911以降、USによってアフガンを皮切りに過激な外交政策が推し進められるに従い、UKを除いて次第に欧州各国からUSは迷惑がられ、次いで欧州はロシアとの経済関係を強化し、アフリカ・中東ではロシアと中国が、USに取って代わって経済と国際政治の両局面で影響力を高めた。

この北朝鮮先制攻撃禁止法案も、アジアにおける中国の指導力を高め、北朝鮮問題を解決する指導力をロシアと中国の2か国に譲る道を残すための戦術の一つだろう。

トランプが過激な発言を繰り返して来たのは、結局はUS国内の民主党軍産複合体シオニスト系国際資本を弱体化するための、彼の背後にいる国際経済多極派による戦略であると見るのが素直に思えるのだ。

だが多くの日本人の頭の中では、未だ冷戦当時のまま日米安保が充分に有効だと思い込み、USDは破綻しないと思い込み、ロシアと中国は日本にとって単に「嫌いな国」でしかなく、だが国際経済の変化には全く無知無関心のまま、現状追認の姿勢維持に止め置かれたままなのだ。

現に日本人は殖民地市民として欧米文化志向が信仰され、カタカナ語、英語、イベント催事やアニメ、ゲームにのめり込み、伝統文化を平気で改ざんし、捨て去り、先人の声には全く耳を傾けることなく事象を深掘りせず、精神年齢は哀れにも13歳のままであるから、1%層対99%層の経済社会構造さえ自覚してはいない。

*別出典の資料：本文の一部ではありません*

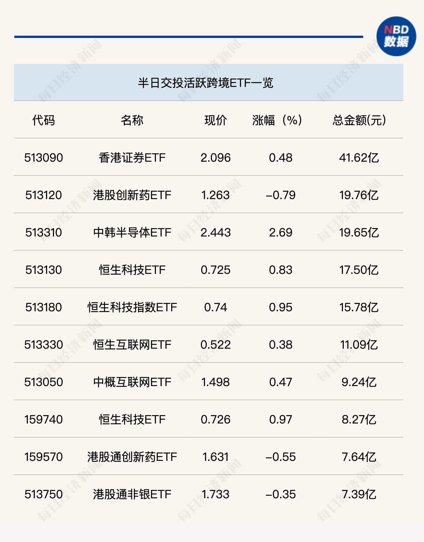 今日上午,科创芯片ETF(588200)交投相对活跃,半日成交金额近20亿元;通信ETF(515880)显著放量,半日成交金额达到10.77亿元。跨境ETF方面,香港证券ETF(513090)半日成交金额为41.62亿元,成交金额相对较大。

それがクソメディアによる戦後の日本人の、大宅壮一が言った「一億総白痴化」に他ならないのだ。

平家物語の冒頭にあるのは次の言葉だ。

祇園精舎の鐘の声

 諸行無常の響きあり

 沙羅双樹の花の色

 盛者必衰の理をあらわす

  おごれる人も久しからず

 ただ春の夜の夢のごとし

 たけき者もついには滅びぬ

  偏に風の前の塵に同じ 」

正しく世界の現実から見えるのは、「所業無常」ではないか。

そしてその「所業無常」の世界の主人公は、人間であれば他動的ではなく能動的であるはずの、私たち自身である以外にはない。